What you need to do: Please show every line in the entries below that includes the word "culms".
*** Task material
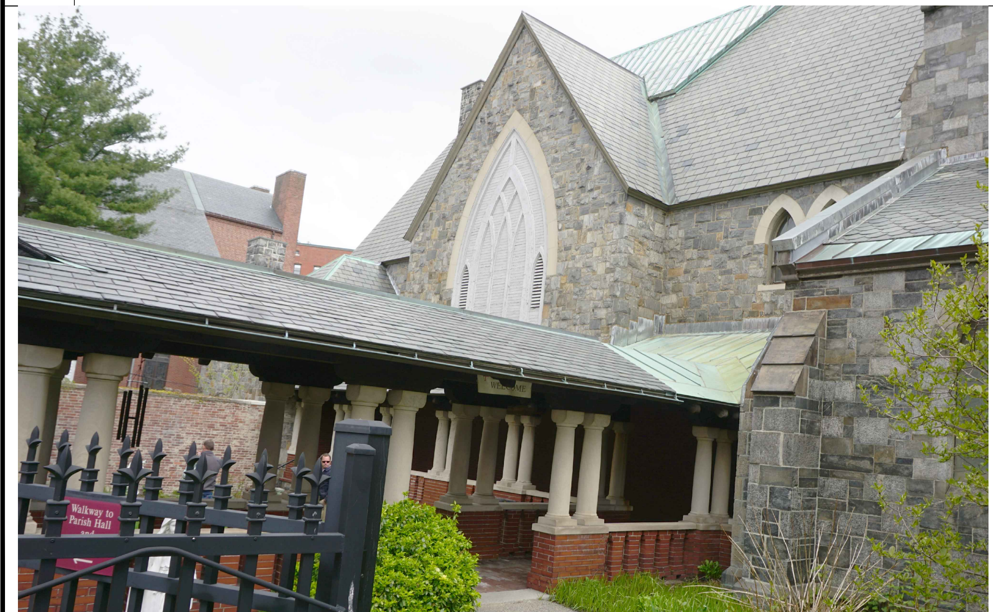
1 IMAGE ELEVATION NTS
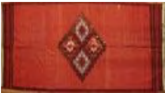
Lot #72: Kilim Rug
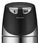
SOLIS DF RESS
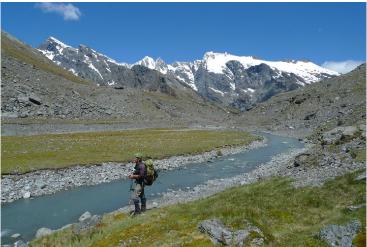
The upper Landsborough Valley, en route to Mt. Burns.
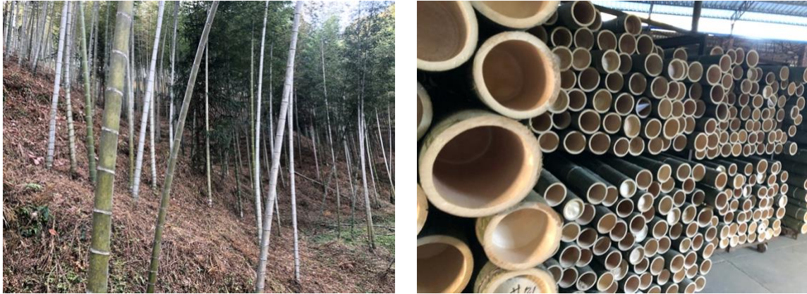
Figure 2 Bamboo culms and rough processing site near plantations

friendly. Bamboo used for construction purposes must be harvested when the culms reach their greatest strength and when the sugar level in the sap is at its lowest (usually when the bamboo culm is 3 to 5 years old), and afterwards it should be cured and dried properly for further treatment and manufacturing purpose. Harvesting is best taking place at the end of the dry season, and a few months prior to the start of the rainy season.
******
The answer:
Figure 2 Bamboo culms and rough processing site near plantations
friendly. Bamboo used for construction purposes must be harvested when the culms reach their greatest strength and when the sugar level in the sap is at its lowest (usually when the bamboo culm is 3 to 5 years old), and afterwards it should be cured and dried properly for further treatment and manufacturing purpose. Harvesting is best taking place at the end of the dry season, and a few months prior to the start of the rainy season.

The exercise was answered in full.